Ketika terjebak dalam perang antar-geng di Clapham, Whyte tertembak dua kali dan harus mengeluarkan peluru dari kakinya sendiri karena tak ingin membuat susah sang ibu.
"Saya menghormati ibu saya. Saya tidak pernah ingin membawa polisi ke rumah. Tak peduli apa yang saya lakukan atau seberapa buruk saya.”
Karena tubuhnya yang besar, Whyte remaja sering dimintai tolong untuk mengusir para preman dan perusuh yang berkeliaran di sekitar sekolah dan rumahnya,
Dia melakukannya dengan senang hati walaupun hanya diberi imbalan uang receh dan roti sandwich. Bayarannya paling banyak 2 pound atau kurang dari Rp40 ribu.
"Saya selalu menjadi petarung," kata Whyte kepada Daily Mirror. "Saya tidak pernah punya pilihan. Saat tumbuh dewasa saya harus bertarung untuk bertahan hidup.
Tangis sang Ibu
Di akhir masa remajanya, Dillian Whyte mendapati dirinya harus mendekam di balik jeruji besi di Bristol. Ia menghadapi ancaman penjara hingga 20 tahun.
Kunjungan emosional dari ibu dan saudara perempuannya akhirnya membuka mata Whyte yang benci melihat mereka menangis karenanya.
"Kakak laki-laki saya meninggal dan Ibu mengatakan dia tidak ingin kehilangan anak laki-laki lagi,” kata Whyte kepada Daily Mail.
View this post on InstagramDidn't think I would still be live at this age thank god I am and making my mother proud ❤❤
Dan, Dallian Whyte tidak pernah ingin mengecewakan ibunya.
"Ketika Ibu datang ke penjara, dia berkata, 'Nak, kita telah melalui begitu banyak hal dalam hidup'. Saya melihat wajah ibu saya dan air mata mengalir di pipinya dan saya merasa merasa malu."

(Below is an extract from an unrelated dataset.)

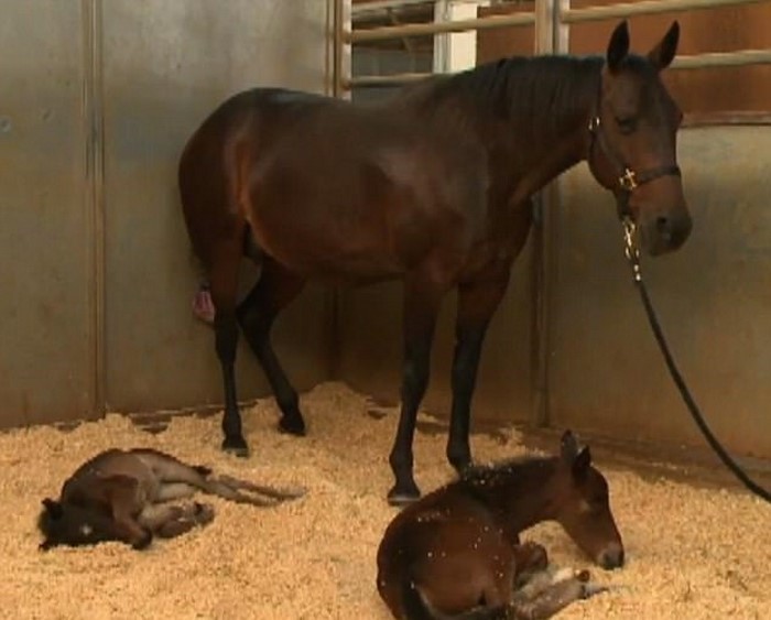 Emma dio a luz a dos potros a la vez. Bien se puede llamarlos gemelos, aunque es un caso inusual para los animales. Los gemelos llegan al mundo muy raramente. ¡Las posibilidades de un nacimiento exitoso en este caso son de solo 1: 10 000!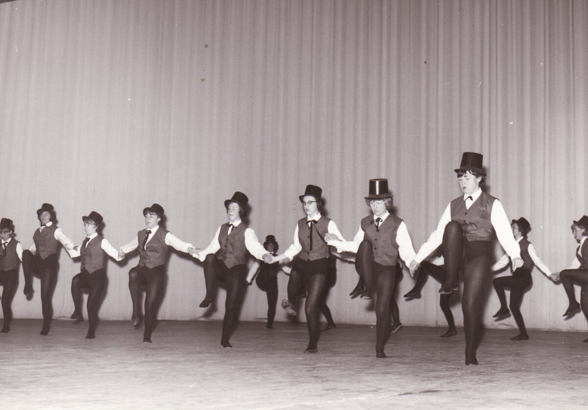 Een afdeling dames van een turnvereniging geeft een nummertje dans/turnen ten beste tijdens een optreden in het kursaal.

Whyte pun bertekad untuk menjadi manusia yang lebih baik.
Memilih Tinju
Dillian Whyte membutuhkan sesuatu untuk menyalurkan kemarahan dan agresinya saat tumbuh dewasa, dan dia menemukannya dalam disiplin tinju.
Bisa dikatakan Miguel's Gym memberinya platform untuk membangun kehidupan lain untuk dirinya sendiri.
"Saya tidak berprestasi di sekolah, tetapi tinju menyelamatkan saya dan mengubah hidup saya," kata Whyte suatu kali.
"Dan itu berjalan baik, karena saya tahu itu kesempatan terbaik saya dalam hidup."
Namun sebelum itu Whyte mencoba kemampuannya di kickboxing profesional dan sukses.
Dia dua kali juara kickboxing kelas berat Inggris, merebut gelar BIKMA Super Heavyweight British Championship, dan juga satu kali juara European K1.
Whyte mengakhiri karier K1-nya dengan rekor impresif 20 kemenangan dan hanya satu kali kekalahan, sebelum beralih ke MMA.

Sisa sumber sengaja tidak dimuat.